Early life and family
Sydney Omameh was born in Columbus, Ohio. His father was a music producer. He received his early education from Westerville North High School. He completed his preparatory education at William Mason High School. At the age of eleven, he started producing music under the artistic name, Uch3nna, using FL Studio. He is a graduate of Old Dominion University and holds a degree in international business.

He is a brother of Patrick Omameh.

Career
Omameh's career began in 2011 for William Mason under the coaching of Brian Castner.  During the year, he played in eight games as a senior, recording 35 tackles, 12 for loss, three quarterback sacks, including a blocking a field goal at Ashland. During his senior year, he was named to the 1st team All-Conference and received an honorable mention in Ohio Southwest.

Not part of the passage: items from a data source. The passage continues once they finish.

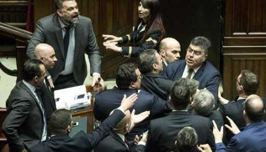 E così l’agenda politica del 2018 si chiude nella maniera più prevedibile, con urla, spintoni e sedute sospese. Atmosfera da stadio alla Camera per l’approvazione del maxiemendamento alla legge di bilancio presentato dal governo gialloverde, con le opposizioni che invocano la discussione di merito del disegno di legge e chiedono il ritorno in commissione Bilancio e la maggioranza che vota e boccia la richiesta. Se Vittorio Sgarbi (gruppo Misto) non l’ha certo mandata a dire, accusando i Cinque Stelle di «umiliare il Parlamento», Forza Italia ha pensato bene di spostare la questione sui social, lanciando l’hashtag #manovracontro.
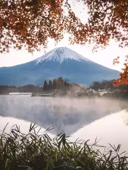 Autumn transforms Lake Tanuki into a breathtaking canvas. The majestic, often snow-capped peak of Mount Fuji is perfectly framed by the brilliant reds and golds of the surrounding autumn foliage, with the entire spectacular scene mirrored in the lake's calm waters . It's a photographer's paradise and a serene escape into Japan's most iconic landscape.
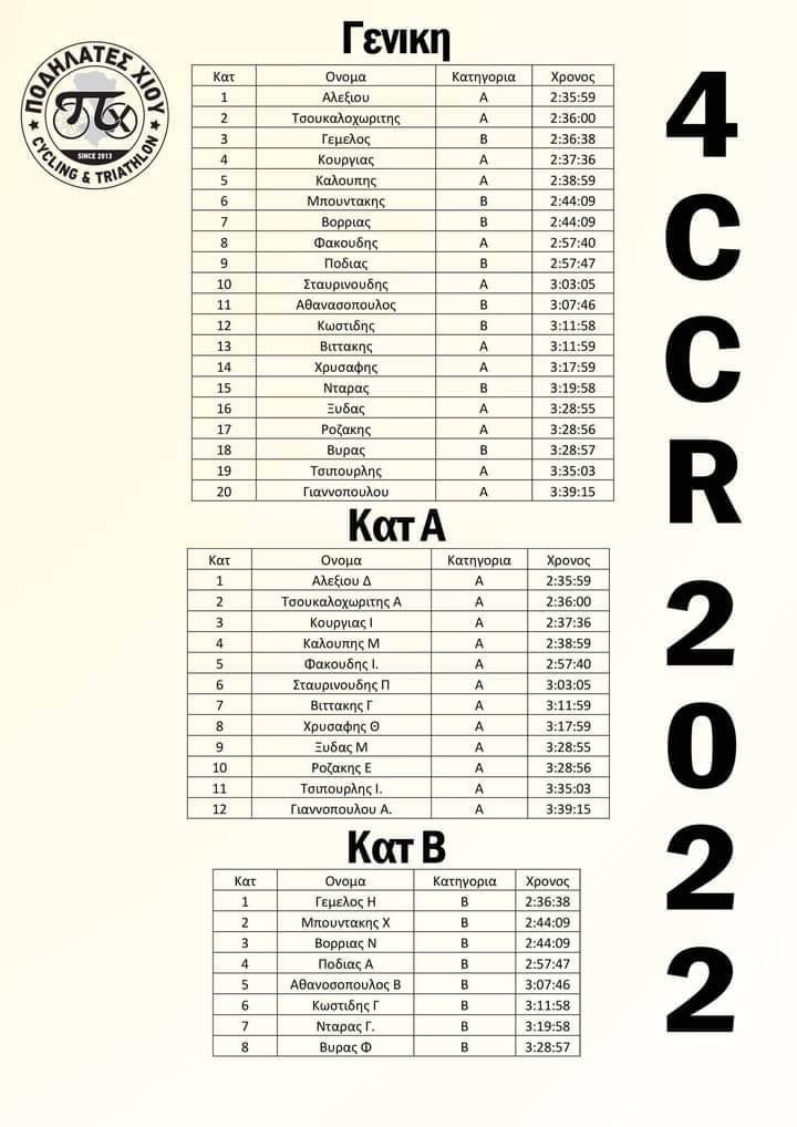 Με το 4CCR 2022 πέφτει η αυλαία των αγωνιστικών δράσεων ποδηλασίας δρόμου στη γειτονική Χίο για το 2022. Το Λεσβιακό ενδιαφέρον επικεντρώνεται στην συμμετοχή των αθλητών του Ποδηλατικού Συλλόγου Λέσβου, Αλεξίου Δημήτρη, Μπουντάκη Χαράλαμπου και Ντάρα Γιώργου.
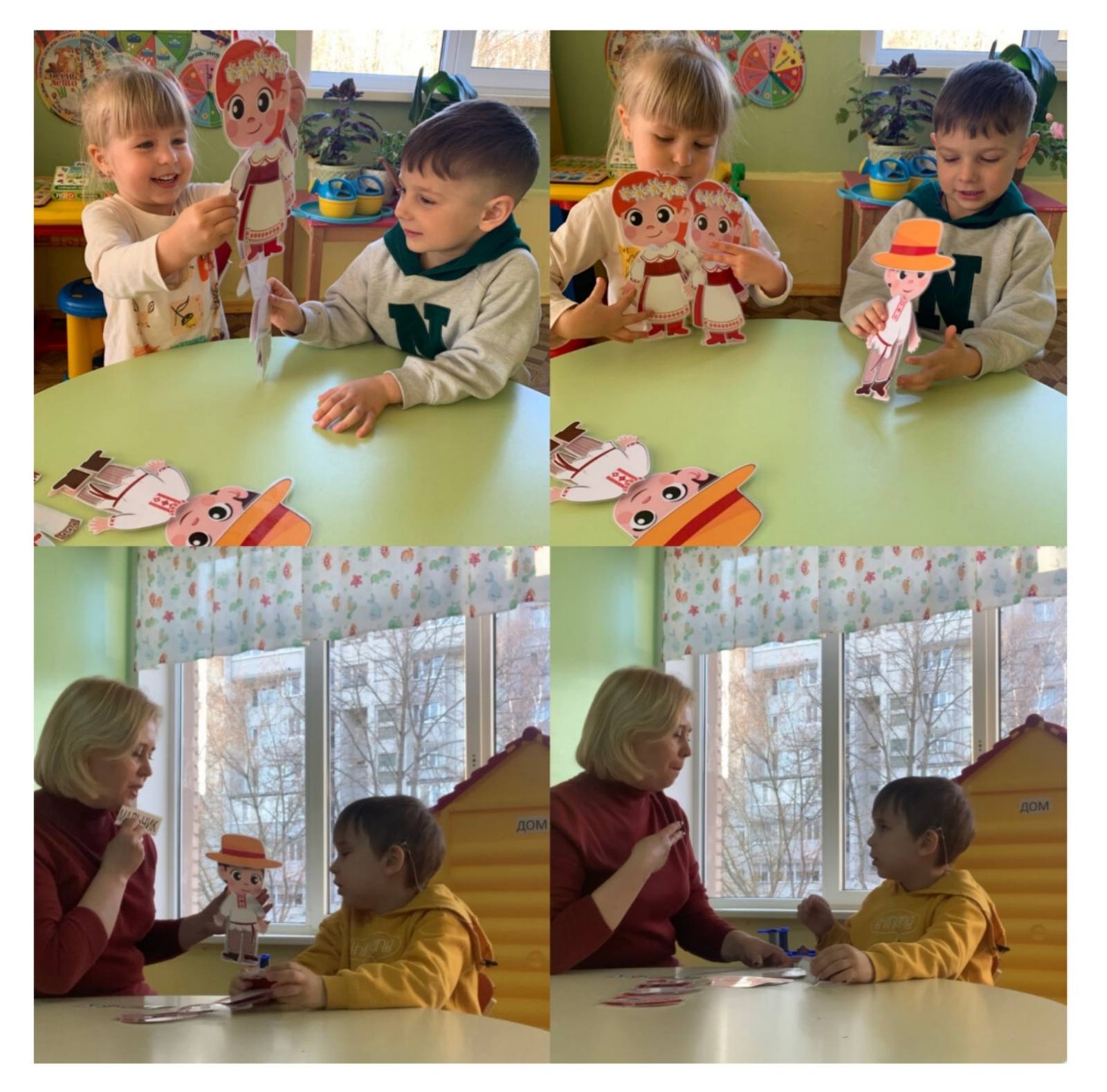 Настольно-печатные игры — это ярко, интересно, увлекательно, полезно! В игре с воспитанниками группы интегрированного обучения и воспитания 11 не только закрепляем последовательность одевания и названия предметов одежды, но и формируем представление о белорусском национальном костюме, знакомим с белорусским орнаментом. У воспитанников с нарушением слуха игра способствует самоидентификации ( мальчик, девочка), социализации , формированию уважения к противоположному полу, закладываются основы гендерной культуры.
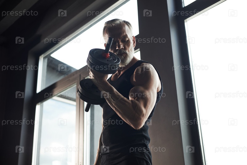 Мужчина-старший поднимает гантели во время силовых тренировок в помещении
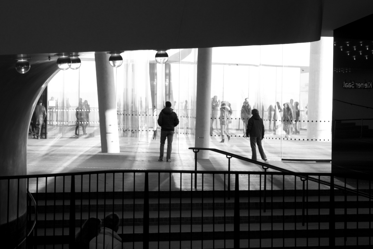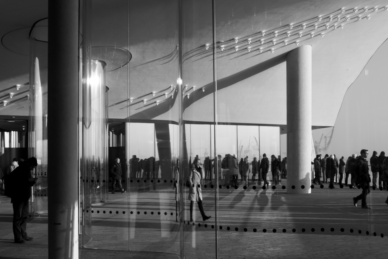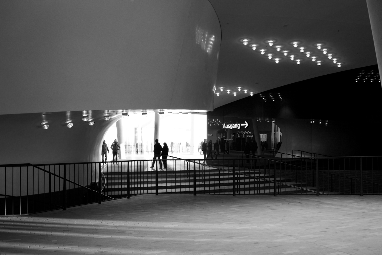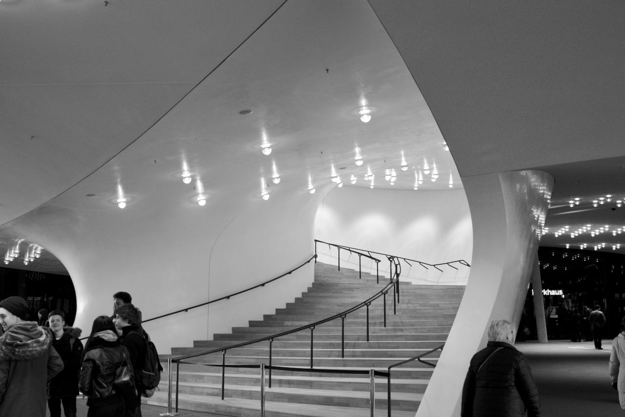 Die Plaza ist ein öffentlich zugänglicher Platz innerhalb der Elbphilharmonie in Hamburg. Die Stahl- und Glaskonstruktion der Elphi soll an geblähte Segel, Wasserwellen oder abtauende Eisberge erinnern. Sie ist auch Zugangsebene für das Foyer der Konzertsääle und zum Hotel. Die Fotostrecke entstand unter dem Eindruck in einer Höhle unter einem Gletscher zu sein.
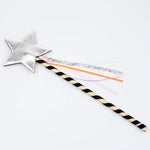 Una estrella de cuero de textura plateada cubre la varita y tiene cintas plateadas Ric RAC, menta, lila, rosa polvoriento y naranja colgando de ella
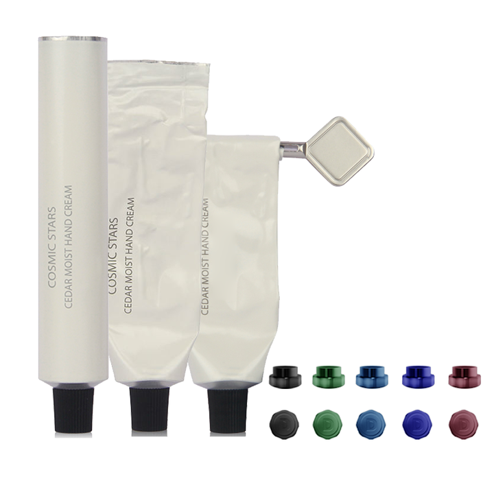 أنابيب معدنية فارغة مخصصة لتعبئة كريمات العناية باليد قابلة للضغط أنابيب مستحضرات تجميل معجون أسنان واقية من الشمس ألومنيوم قابلة للطي مع غطاء معدني

In 2013, Omameh was included in the Second Team All-GLIAC. During the same year, he was also selected for the First Team All-Ohio Division II. During 2013, he played 11 games and recorded 40 tackles, 13.5 tackles for loss, 7 sacks, and three blocked kicks.

In 2014, while playing as a defensive for Ohio Dominican, he scored the opening touchdown of a 28-24 Panthers victory by returning a 25-yard blocked kick for a touchdown. In December 2014, he named in the Daktronics All-Super Region Four team squad.

In September 2016, Omameh joined GVSU football after leaving Ohio Dominican in the summer of the season. Before joining GVSU, he spent four years in the Great Lakes Intercollegiate Athletic Conference (GLIAC). His notable contributions for Grand Valley include four sacks for them against Lakers.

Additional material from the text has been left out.